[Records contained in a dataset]
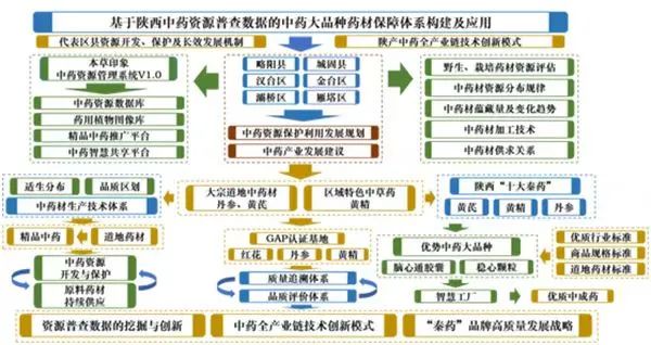 该项目基于第四次全国中药资源普查陕西数据,通过数据挖掘和理论分析,建立中药资源数据库,以形成涵盖县域资源开发、保护及可持续利用的长效发展机制;运用资源普查理论、技术及方法,以秦药黄精、丹参、黄芪等为主要研究对象,探索中药材资源分布规律,践行中药材生态种植理论,创建生态种植技术体系;利用普查传统知识调研数据,优化产地加工炮制及质量评价手段,打造传统经验融合现代科技的药材品质评价体系,建立中药全过程质量追溯体系。构建基于陕西中药资源普查数据的中药大品种药材保障体系。
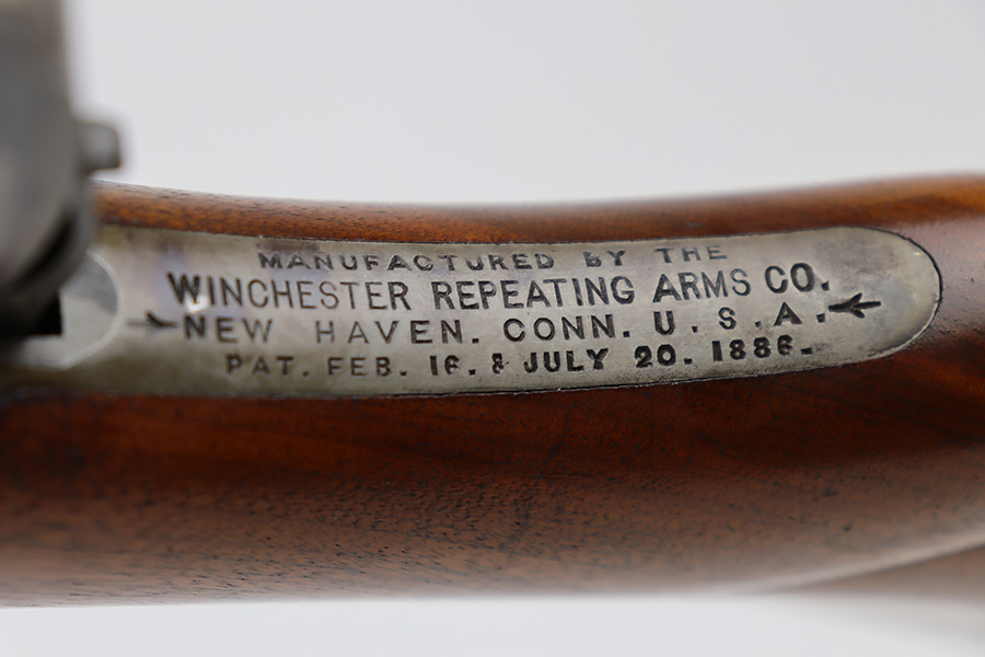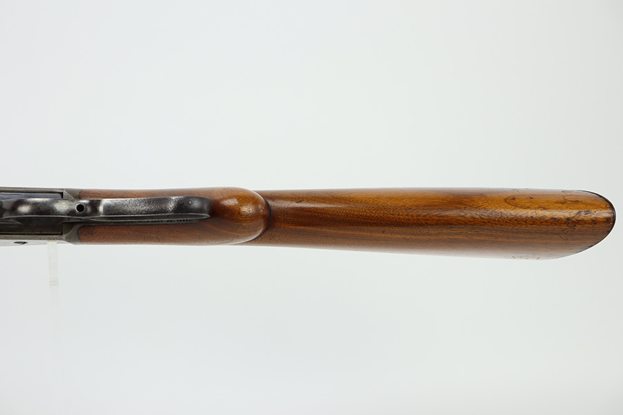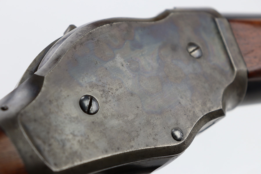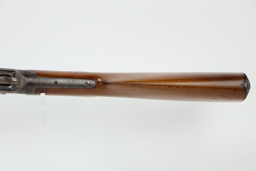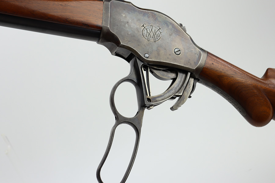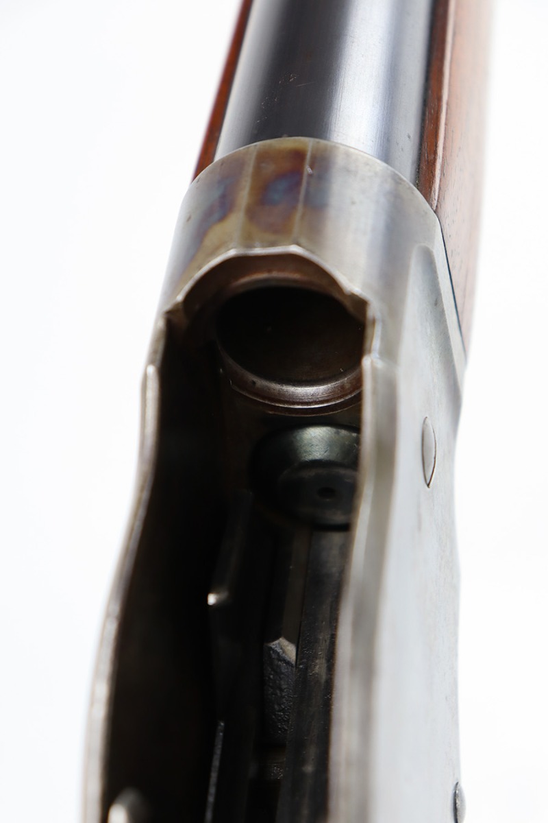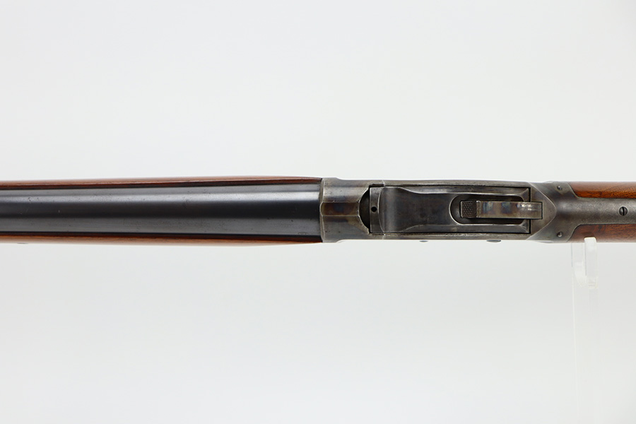 12/5/23 – This is a fantastic example of a rare and early Winchester Model 1887 lever-action shotgun from 1888, the 2nd year of production. The Model 1887 was the first lever-action repeating shotgun produced by Winchester. Only 64,855 of these were made from 1887-1901, and this is a particularly high condition example with deluxe case-hardened receiver. Most prior shotguns were single or double barrel break actions. The Model 1887 held six shots and could be fired rapidly. The Model 1887 built upon the solid reputation of Winchester’s lever action rifles and carbines that were already in widespread use throughout the country. Many Model 1887s replaced double barrel coach guns used by “shotgun messengers” employed by express companies and lawmen throughout the country. The left side of the receiver has the “WRACo” monogram. The lower tang is stamped with the four-line address/patent dates marking. The receiver has beautiful case-hardening that even extends to the internals of the action. Excellent bluing overall with some finish loss and freckling on the mag tube. The receiver also shows some minor pinpricking on the right side. The bore is somewhat shiny but there are a few patches of pitting. Excellent wood furniture with no notable defects. Cody letter states the serial was applied in 1888 but shipped in 1890.
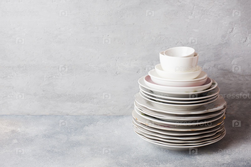 Стопка пустых чистых тарелок на сером столе с местом для копирования
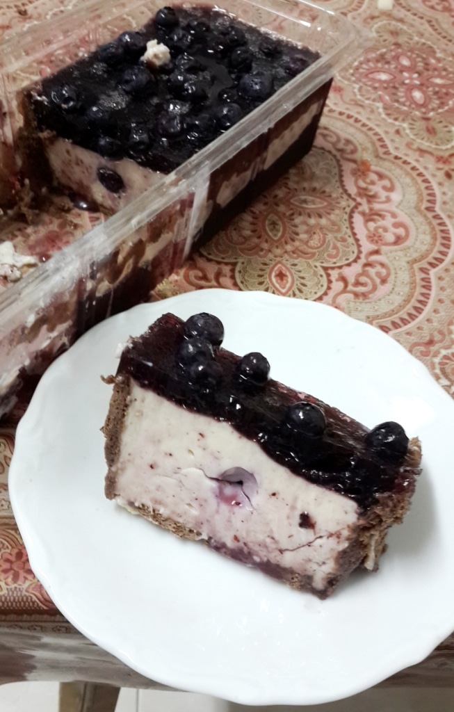 מערבבים בזילוף מהיר תוך כדי בחישה את הג'לטין לתוך המים הרותחים עד שמתמוסס לגמרי. מחכים שיתקרר לטמפרטורת החדר ובינתיים מרפדים תבנית מלבנית של אינליש קייק בשכבת פתי בר גם בצדדים. אין צורך לרסק. כשמי הג'לטין התקררו מערבבים במערבל את הפודינג עם 2 גביעי גבינה + 1 סוכר וניל + גרד קליפת לימון. מוסיפים חצי ממי הג'לטין וממשיכים לבחוש במהירות נמוכה ואז גבוהה. שופכים חצי מהתערובת על הפתי בר שבתבנית. מסדרים בשורה במרכז העוגה לכל אורכה אוכמניות טריות או קפואות שהופשרו ואז מכסים עם המחצית השניה של התערובת. מכניסים למקרר ל- 10 דקות לפחות. בינתיים מערבבים היטב את הריבה המים בטמפרטורת החדר ומי הג'לטין בקערה. מוסיפים את האוכמניות הטריות או הקפואות ומערבבים ערבוב קצר ביותר. שופכים את התערובת על הפודינג שבתבנית בצורה אחידה ככל הניתן ומתקבל ציפוי של ג'לי כהה וכמעט שחור מעל לעוגה. מכניסים למקרר לפחות ל- 5 שעות. פורסים ונהנים.
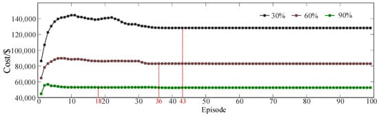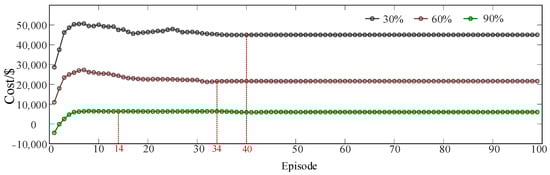 - Compared to running stand-alone strategies, the proposed strategy reduced the operational costs of a single EV-integrated microgrid by approximately 45.61%. For the multi-microgrid system, the operational costs were reduced by 37.36%. This approach not only offers improved economic efficiency, but also ensures the fair distribution of benefits among the microgrids.
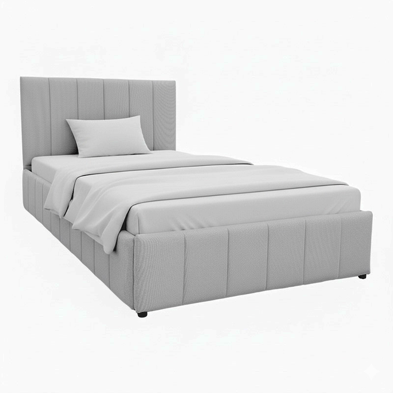 The elegant and highly functional Snuggle bed is an ideal addition to any bedroom, combining comfort with practical storage. Its sturdy construction, upholstered with high-quality fabric, provides a modern and refined aesthetic, while the vertical stitching on the headboard and around the bed base adds a discreet yet impressive detail.
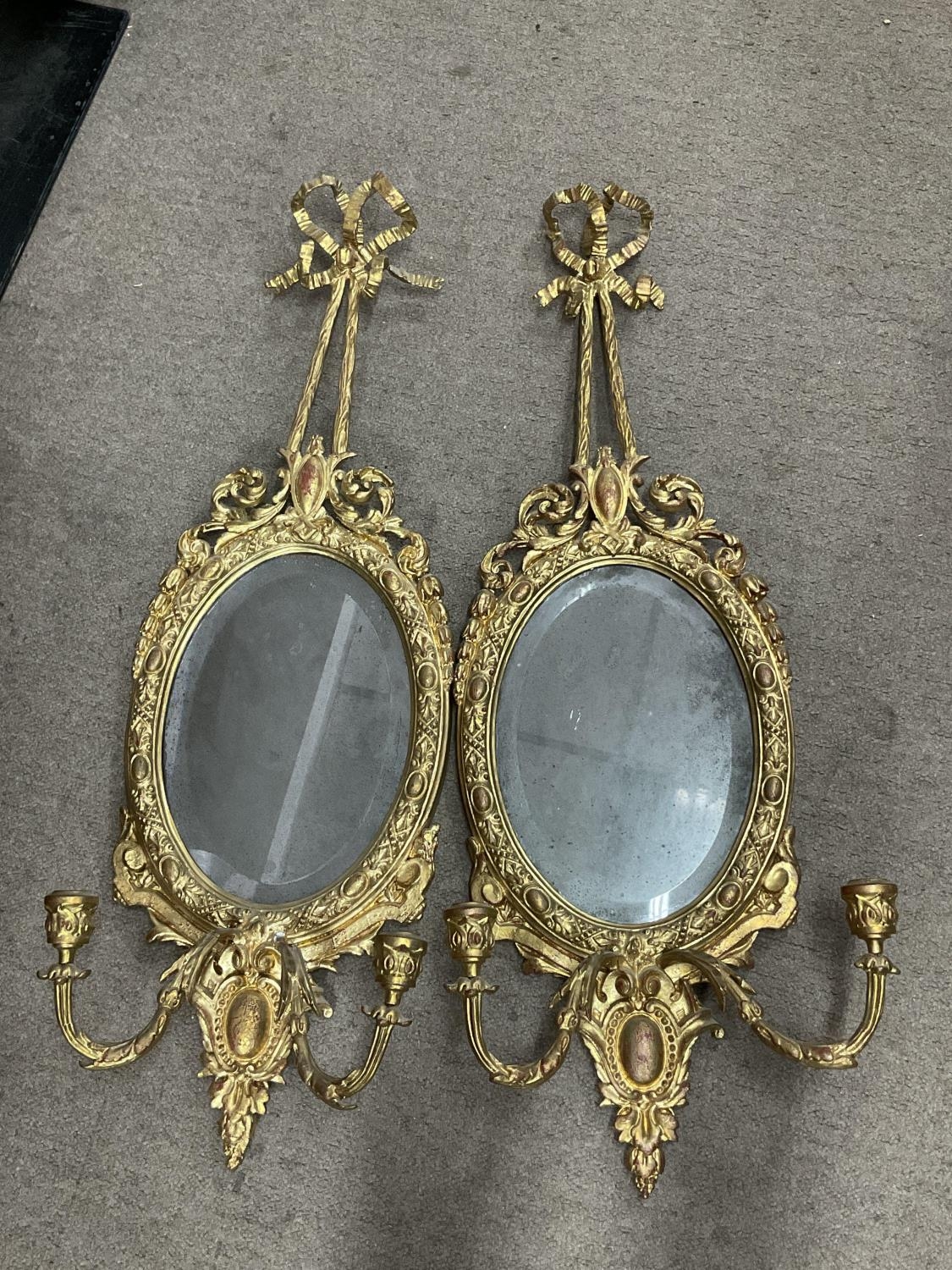 Two early gilt regency style period mirrors with built in candle sconces.
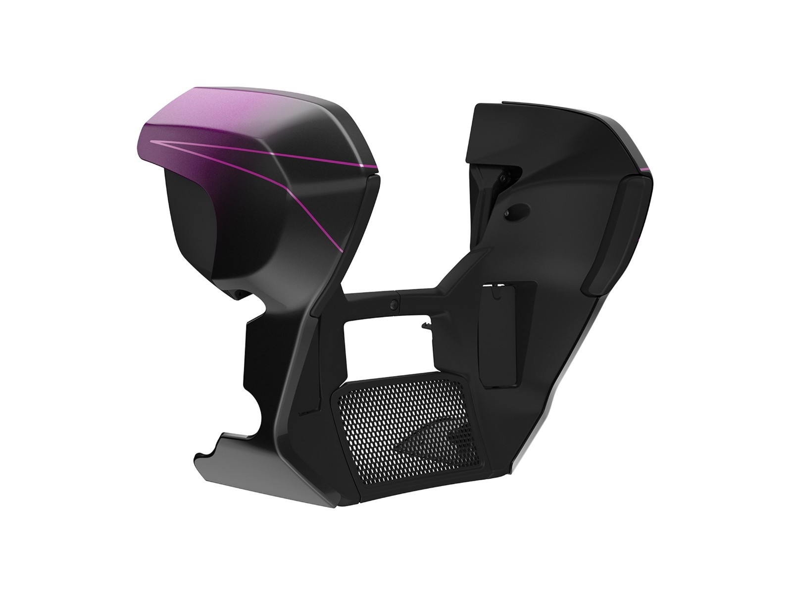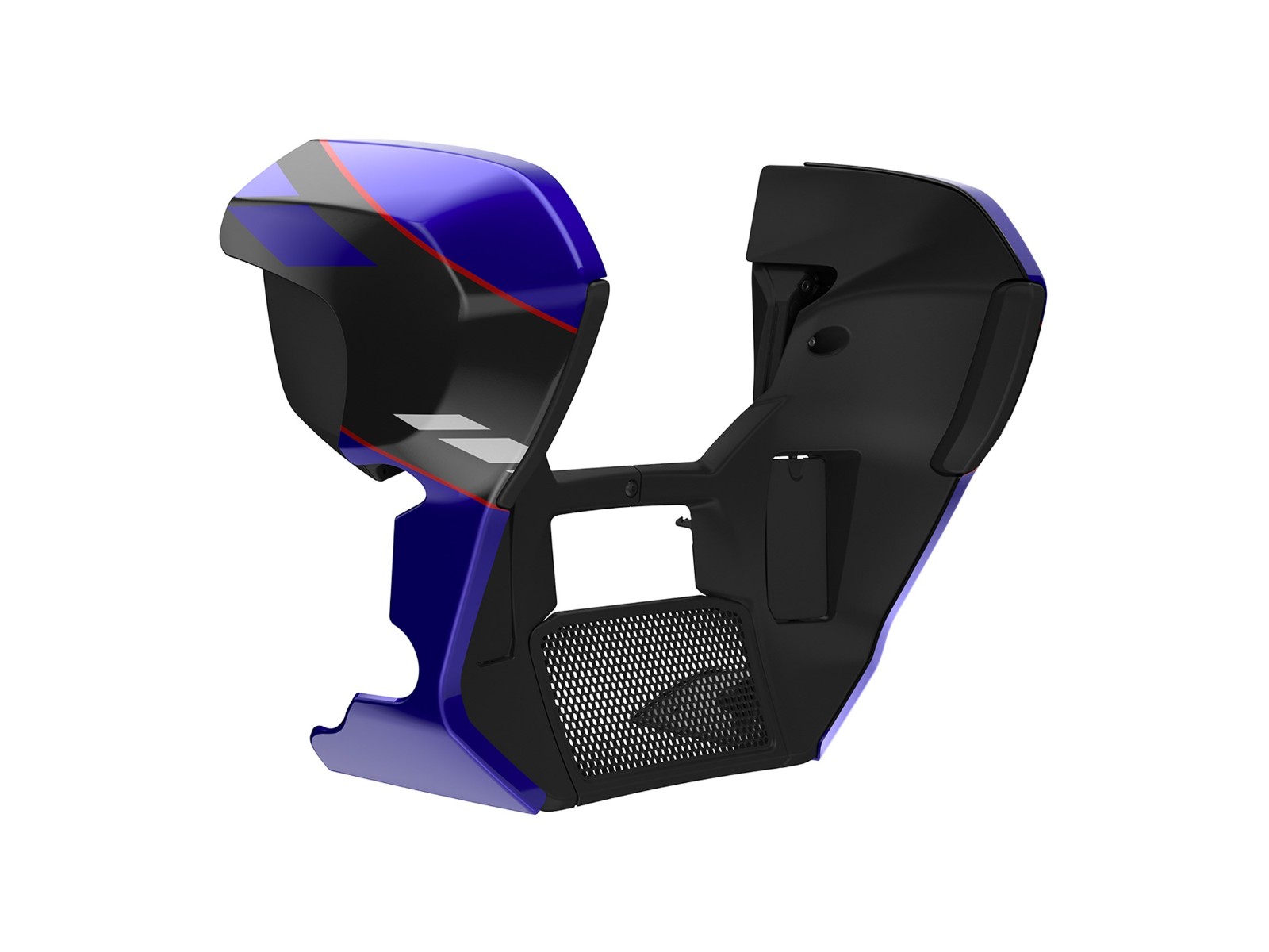 Die Verkleidungsunterteile wurden entwickelt, um den aerodynamischen Komfort für den Fahrer zu verbessern, indem sie zusätzlichen Wind- und Wetterschutz im Beinbereich bieten. Entworfen unter Verwendung von CFD-Tools (Computational Fluid Dynamics), Windkanalanalysen und subjektiven Tests unter realen Bedingungen.

● YOUR OBJECTIVE:
Give back each line above exactly, with pictures dropped.

● WRITTEN SOLUTION:
 该项目基于第四次全国中药资源普查陕西数据,通过数据挖掘和理论分析,建立中药资源数据库,以形成涵盖县域资源开发、保护及可持续利用的长效发展机制;运用资源普查理论、技术及方法,以秦药黄精、丹参、黄芪等为主要研究对象,探索中药材资源分布规律,践行中药材生态种植理论,创建生态种植技术体系;利用普查传统知识调研数据,优化产地加工炮制及质量评价手段,打造传统经验融合现代科技的药材品质评价体系,建立中药全过程质量追溯体系。构建基于陕西中药资源普查数据的中药大品种药材保障体系。
 12/5/23 – This is a fantastic example of a rare and early Winchester Model 1887 lever-action shotgun from 1888, the 2nd year of production. The Model 1887 was the first lever-action repeating shotgun produced by Winchester. Only 64,855 of these were made from 1887-1901, and this is a particularly high condition example with deluxe case-hardened receiver. Most prior shotguns were single or double barrel break actions. The Model 1887 held six shots and could be fired rapidly. The Model 1887 built upon the solid reputation of Winchester’s lever action rifles and carbines that were already in widespread use throughout the country. Many Model 1887s replaced double barrel coach guns used by “shotgun messengers” employed by express companies and lawmen throughout the country. The left side of the receiver has the “WRACo” monogram. The lower tang is stamped with the four-line address/patent dates marking. The receiver has beautiful case-hardening that even extends to the internals of the action. Excellent bluing overall with some finish loss and freckling on the mag tube. The receiver also shows some minor pinpricking on the right side. The bore is somewhat shiny but there are a few patches of pitting. Excellent wood furniture with no notable defects. Cody letter states the serial was applied in 1888 but shipped in 1890.
 Стопка пустых чистых тарелок на сером столе с местом для копирования
 מערבבים בזילוף מהיר תוך כדי בחישה את הג'לטין לתוך המים הרותחים עד שמתמוסס לגמרי. מחכים שיתקרר לטמפרטורת החדר ובינתיים מרפדים תבנית מלבנית של אינליש קייק בשכבת פתי בר גם בצדדים. אין צורך לרסק. כשמי הג'לטין התקררו מערבבים במערבל את הפודינג עם 2 גביעי גבינה + 1 סוכר וניל + גרד קליפת לימון. מוסיפים חצי ממי הג'לטין וממשיכים לבחוש במהירות נמוכה ואז גבוהה. שופכים חצי מהתערובת על הפתי בר שבתבנית. מסדרים בשורה במרכז העוגה לכל אורכה אוכמניות טריות או קפואות שהופשרו ואז מכסים עם המחצית השניה של התערובת. מכניסים למקרר ל- 10 דקות לפחות. בינתיים מערבבים היטב את הריבה המים בטמפרטורת החדר ומי הג'לטין בקערה. מוסיפים את האוכמניות הטריות או הקפואות ומערבבים ערבוב קצר ביותר. שופכים את התערובת על הפודינג שבתבנית בצורה אחידה ככל הניתן ומתקבל ציפוי של ג'לי כהה וכמעט שחור מעל לעוגה. מכניסים למקרר לפחות ל- 5 שעות. פורסים ונהנים.
 - Compared to running stand-alone strategies, the proposed strategy reduced the operational costs of a single EV-integrated microgrid by approximately 45.61%. For the multi-microgrid system, the operational costs were reduced by 37.36%. This approach not only offers improved economic efficiency, but also ensures the fair distribution of benefits among the microgrids.
 The elegant and highly functional Snuggle bed is an ideal addition to any bedroom, combining comfort with practical storage. Its sturdy construction, upholstered with high-quality fabric, provides a modern and refined aesthetic, while the vertical stitching on the headboard and around the bed base adds a discreet yet impressive detail.
 Two early gilt regency style period mirrors with built in candle sconces.
 Die Verkleidungsunterteile wurden entwickelt, um den aerodynamischen Komfort für den Fahrer zu verbessern, indem sie zusätzlichen Wind- und Wetterschutz im Beinbereich bieten. Entworfen unter Verwendung von CFD-Tools (Computational Fluid Dynamics), Windkanalanalysen und subjektiven Tests unter realen Bedingungen.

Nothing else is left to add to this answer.